___ DATA SECTION

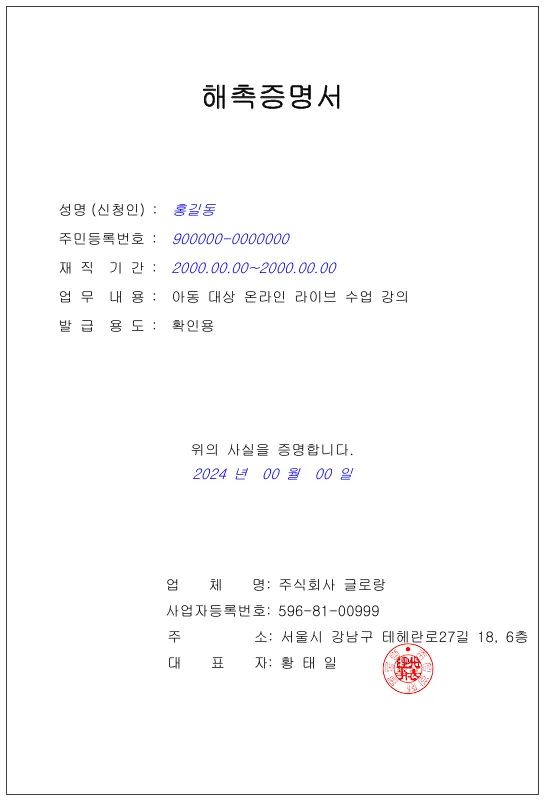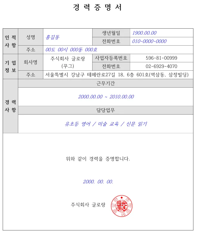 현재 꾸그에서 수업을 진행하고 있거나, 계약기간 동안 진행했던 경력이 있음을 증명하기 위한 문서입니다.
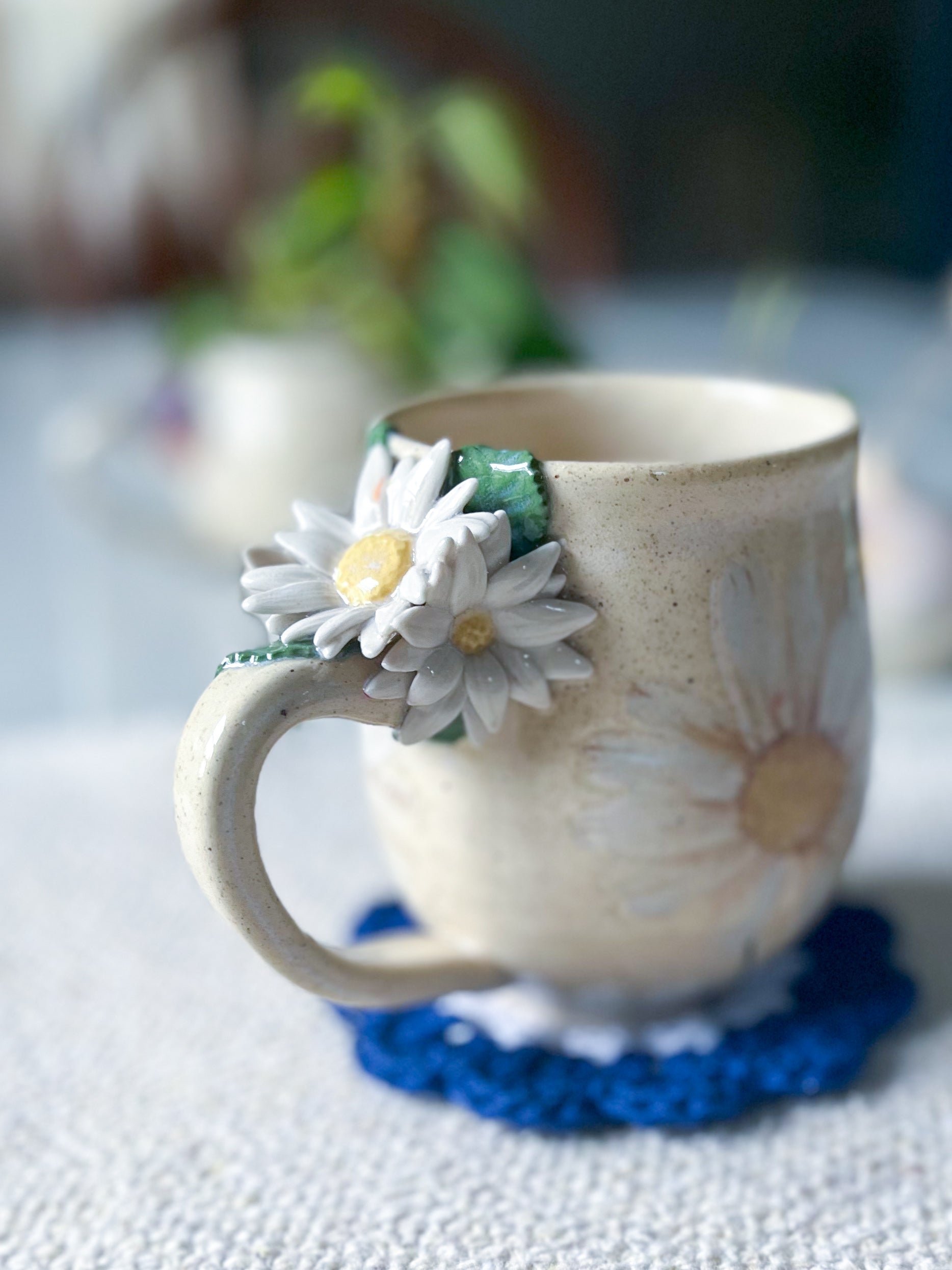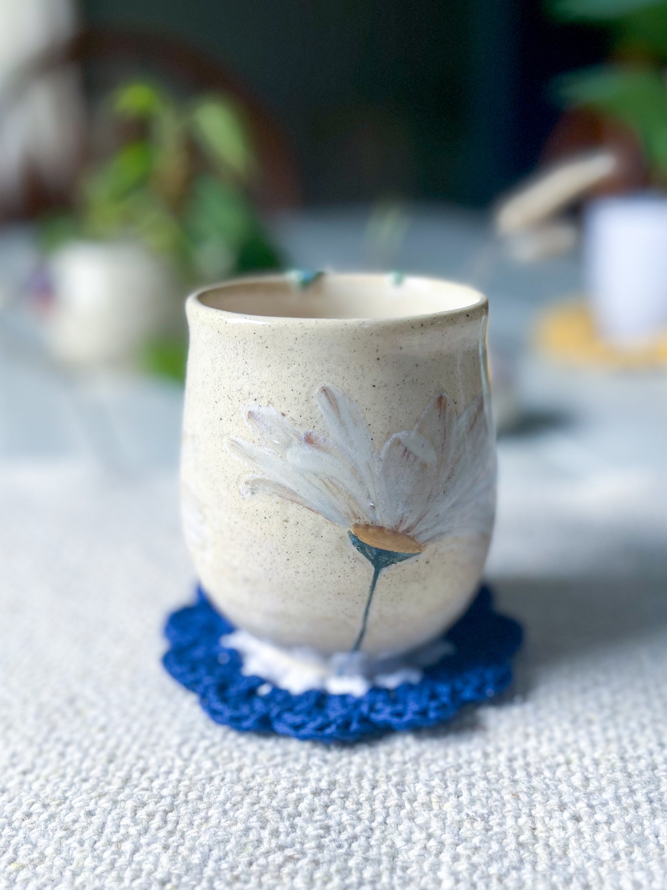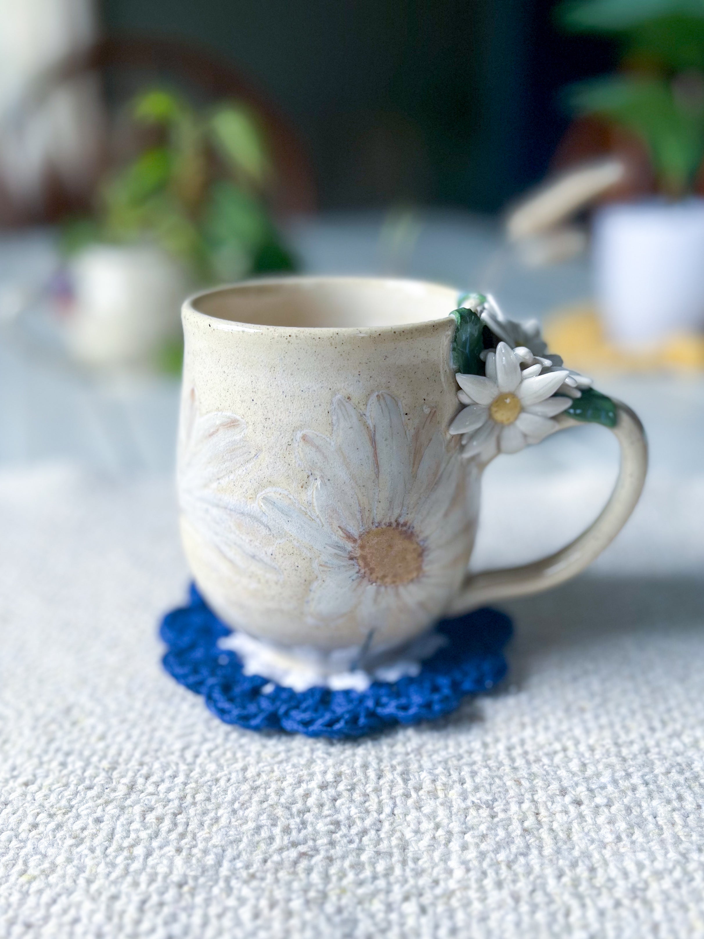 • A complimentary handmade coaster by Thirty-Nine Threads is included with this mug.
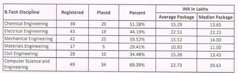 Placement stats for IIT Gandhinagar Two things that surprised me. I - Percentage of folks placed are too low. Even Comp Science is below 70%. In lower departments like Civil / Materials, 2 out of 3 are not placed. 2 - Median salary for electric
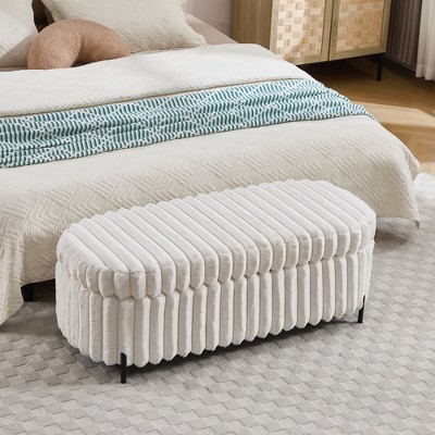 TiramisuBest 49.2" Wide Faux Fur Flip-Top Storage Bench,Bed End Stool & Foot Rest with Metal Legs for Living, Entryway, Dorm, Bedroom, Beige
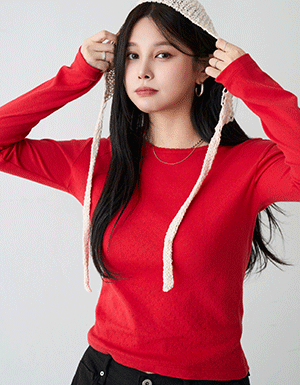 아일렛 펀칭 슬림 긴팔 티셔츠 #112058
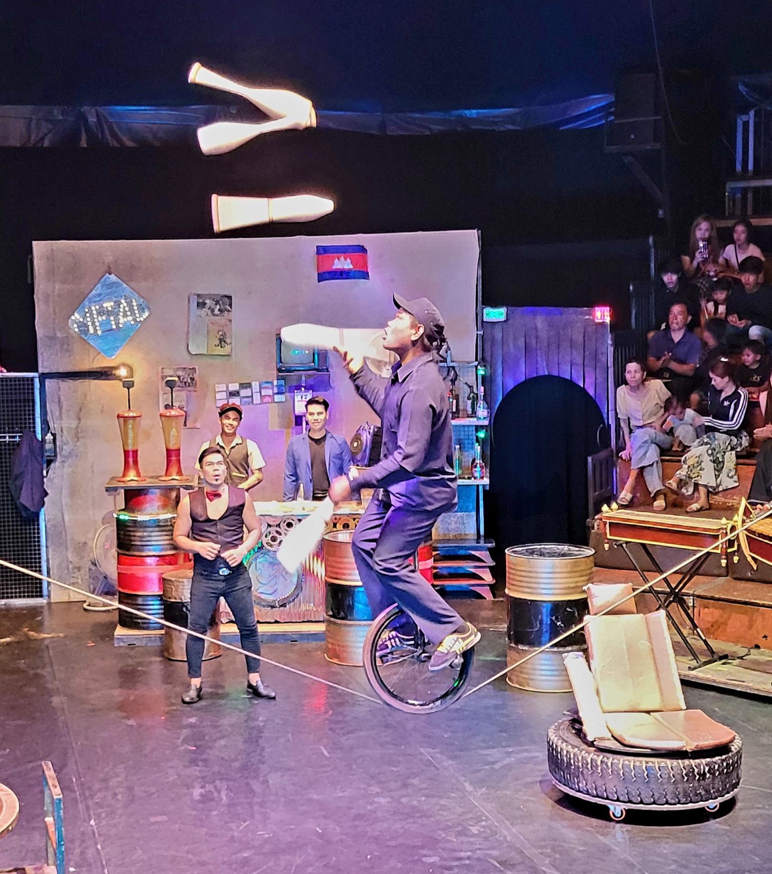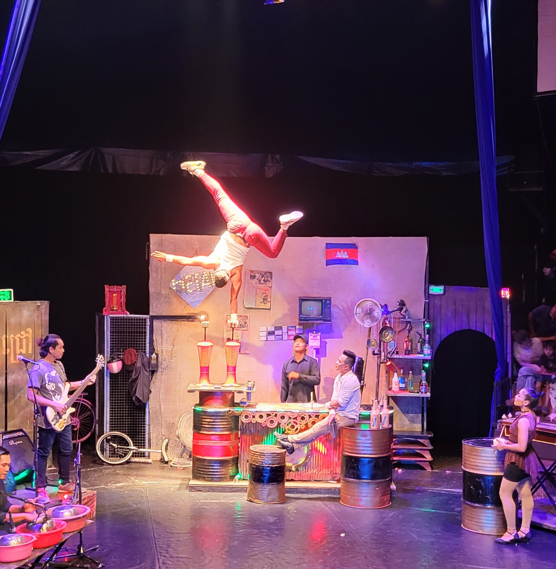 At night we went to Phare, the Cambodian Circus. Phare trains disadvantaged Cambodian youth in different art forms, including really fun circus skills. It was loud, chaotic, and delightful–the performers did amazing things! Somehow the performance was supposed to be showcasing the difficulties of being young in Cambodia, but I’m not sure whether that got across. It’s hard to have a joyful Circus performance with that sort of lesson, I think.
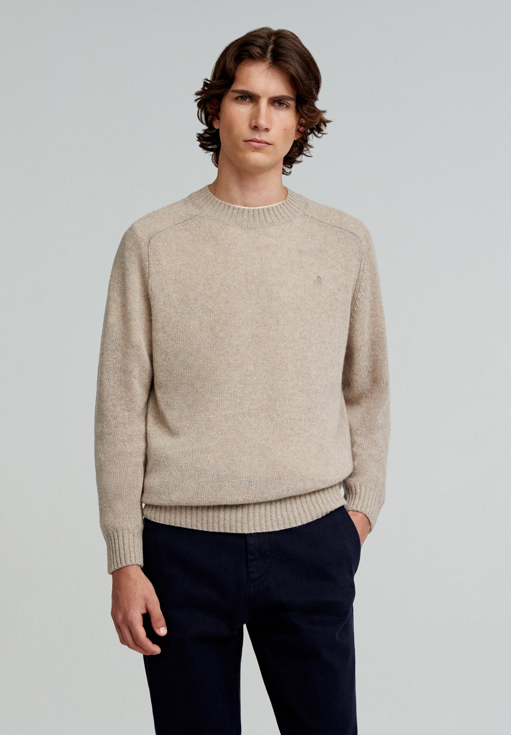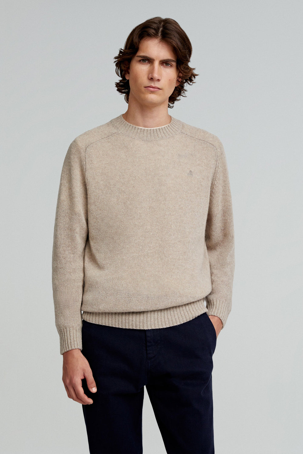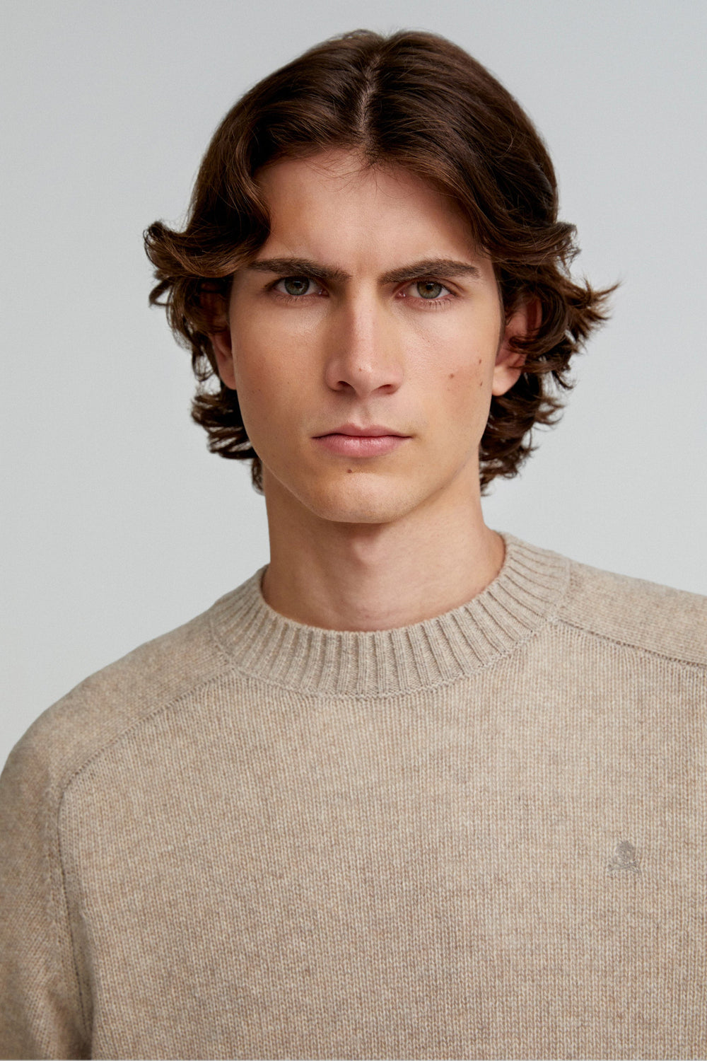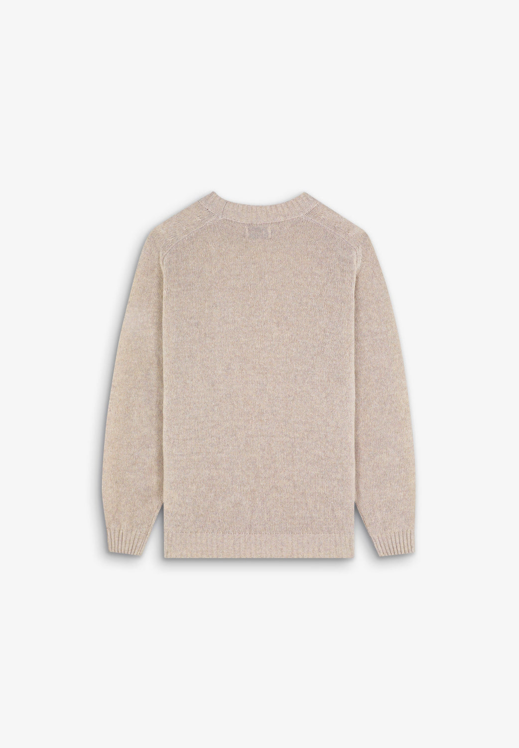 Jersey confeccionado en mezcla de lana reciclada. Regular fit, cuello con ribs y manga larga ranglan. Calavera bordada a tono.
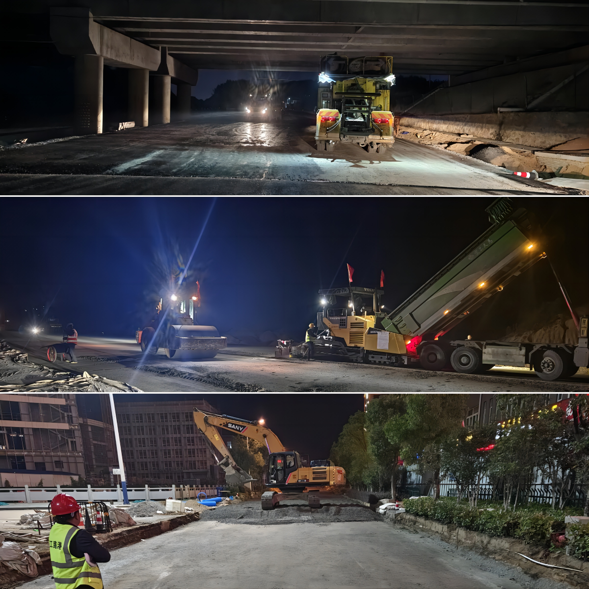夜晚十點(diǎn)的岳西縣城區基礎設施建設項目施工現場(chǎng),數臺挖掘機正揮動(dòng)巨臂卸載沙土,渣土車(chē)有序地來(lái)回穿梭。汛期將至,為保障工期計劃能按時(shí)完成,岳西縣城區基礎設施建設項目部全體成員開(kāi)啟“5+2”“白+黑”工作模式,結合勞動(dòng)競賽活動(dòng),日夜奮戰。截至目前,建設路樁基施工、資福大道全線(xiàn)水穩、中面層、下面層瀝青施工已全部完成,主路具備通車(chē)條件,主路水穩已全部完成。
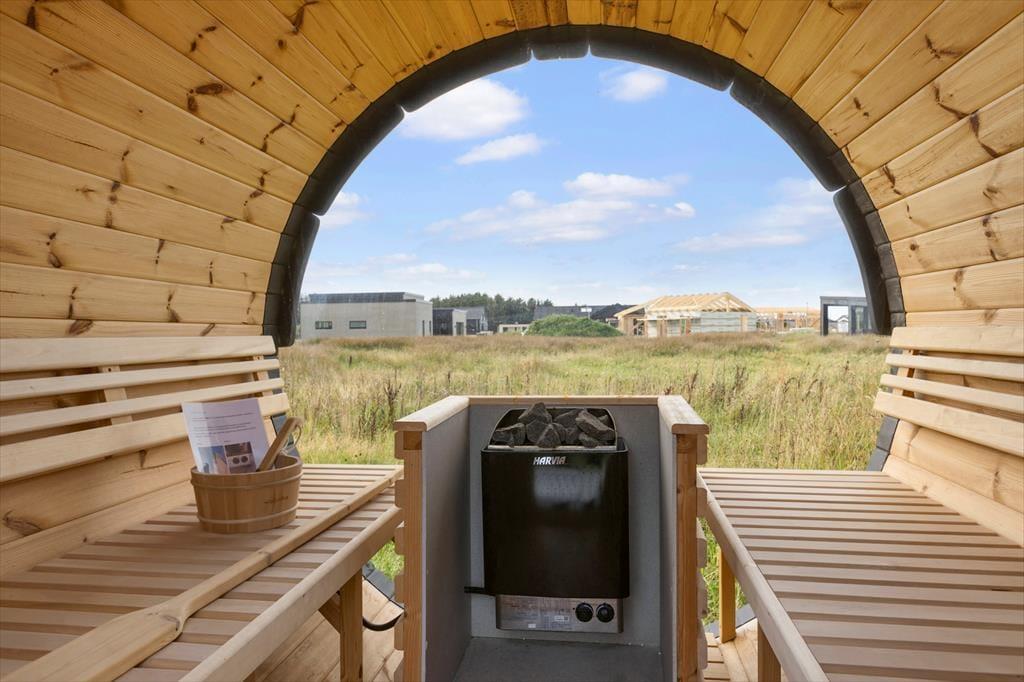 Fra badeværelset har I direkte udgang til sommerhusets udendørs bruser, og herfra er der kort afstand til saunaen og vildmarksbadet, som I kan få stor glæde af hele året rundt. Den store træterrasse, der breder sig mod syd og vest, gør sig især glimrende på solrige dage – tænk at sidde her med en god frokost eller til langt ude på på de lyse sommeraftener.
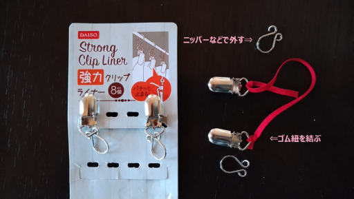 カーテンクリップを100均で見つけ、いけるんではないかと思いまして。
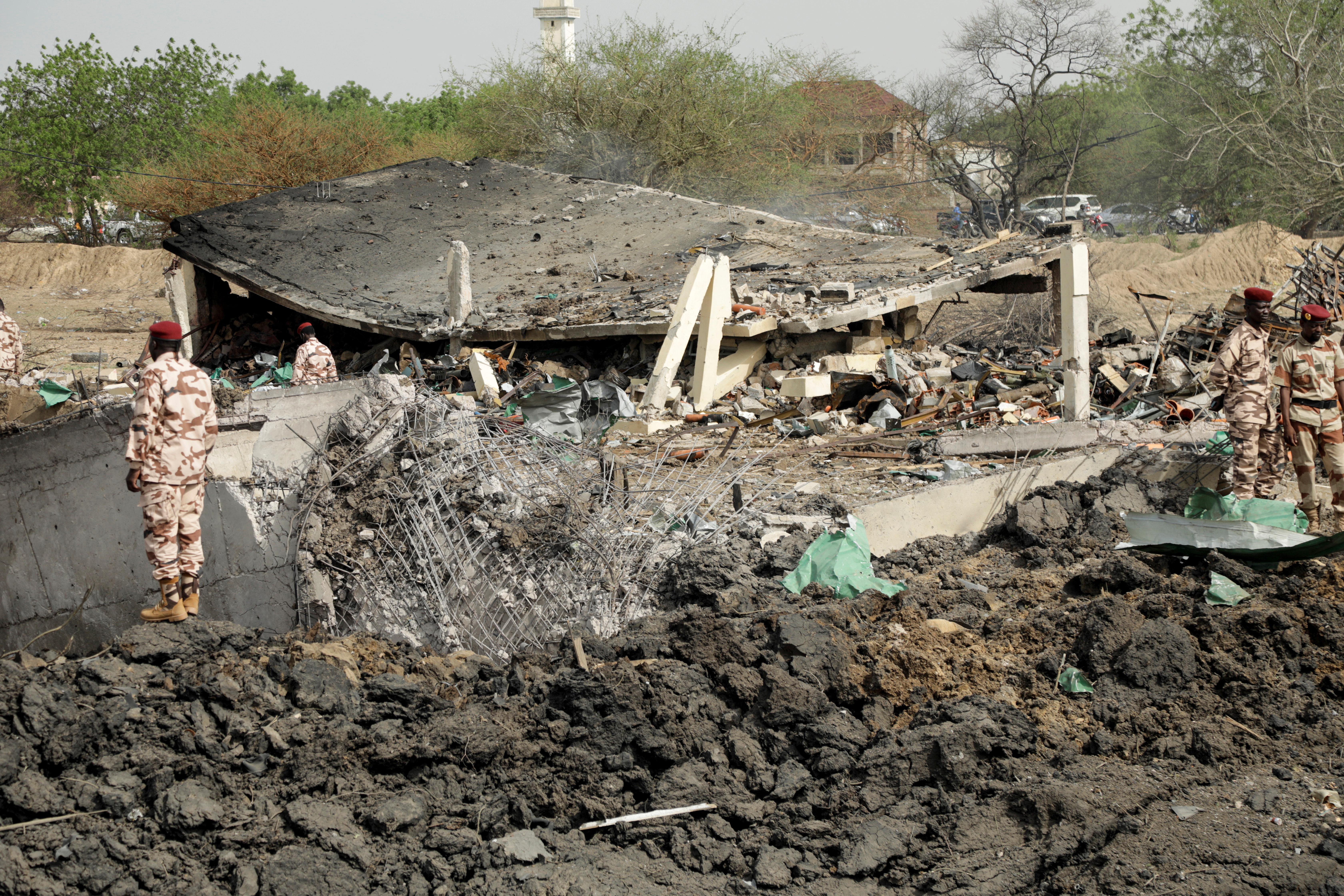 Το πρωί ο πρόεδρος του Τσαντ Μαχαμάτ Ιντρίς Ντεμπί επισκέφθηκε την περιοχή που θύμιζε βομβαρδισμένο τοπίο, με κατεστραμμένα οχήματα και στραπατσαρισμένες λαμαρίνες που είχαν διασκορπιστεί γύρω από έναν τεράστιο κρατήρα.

______

YOUR INSTRUCTIONS: A faithful transcription of the material, with no pictures, is the expected result.

RESPONSE:
 현재 꾸그에서 수업을 진행하고 있거나, 계약기간 동안 진행했던 경력이 있음을 증명하기 위한 문서입니다.
 • A complimentary handmade coaster by Thirty-Nine Threads is included with this mug.
 Placement stats for IIT Gandhinagar Two things that surprised me. I - Percentage of folks placed are too low. Even Comp Science is below 70%. In lower departments like Civil / Materials, 2 out of 3 are not placed. 2 - Median salary for electric
 TiramisuBest 49.2" Wide Faux Fur Flip-Top Storage Bench,Bed End Stool & Foot Rest with Metal Legs for Living, Entryway, Dorm, Bedroom, Beige
 아일렛 펀칭 슬림 긴팔 티셔츠 #112058
 At night we went to Phare, the Cambodian Circus. Phare trains disadvantaged Cambodian youth in different art forms, including really fun circus skills. It was loud, chaotic, and delightful–the performers did amazing things! Somehow the performance was supposed to be showcasing the difficulties of being young in Cambodia, but I’m not sure whether that got across. It’s hard to have a joyful Circus performance with that sort of lesson, I think.
 Jersey confeccionado en mezcla de lana reciclada. Regular fit, cuello con ribs y manga larga ranglan. Calavera bordada a tono.
夜晚十點(diǎn)的岳西縣城區基礎設施建設項目施工現場(chǎng),數臺挖掘機正揮動(dòng)巨臂卸載沙土,渣土車(chē)有序地來(lái)回穿梭。汛期將至,為保障工期計劃能按時(shí)完成,岳西縣城區基礎設施建設項目部全體成員開(kāi)啟“5+2”“白+黑”工作模式,結合勞動(dòng)競賽活動(dòng),日夜奮戰。截至目前,建設路樁基施工、資福大道全線(xiàn)水穩、中面層、下面層瀝青施工已全部完成,主路具備通車(chē)條件,主路水穩已全部完成。
 Fra badeværelset har I direkte udgang til sommerhusets udendørs bruser, og herfra er der kort afstand til saunaen og vildmarksbadet, som I kan få stor glæde af hele året rundt. Den store træterrasse, der breder sig mod syd og vest, gør sig især glimrende på solrige dage – tænk at sidde her med en god frokost eller til langt ude på på de lyse sommeraftener.
 カーテンクリップを100均で見つけ、いけるんではないかと思いまして。
 Το πρωί ο πρόεδρος του Τσαντ Μαχαμάτ Ιντρίς Ντεμπί επισκέφθηκε την περιοχή που θύμιζε βομβαρδισμένο τοπίο, με κατεστραμμένα οχήματα και στραπατσαρισμένες λαμαρίνες που είχαν διασκορπιστεί γύρω από έναν τεράστιο κρατήρα.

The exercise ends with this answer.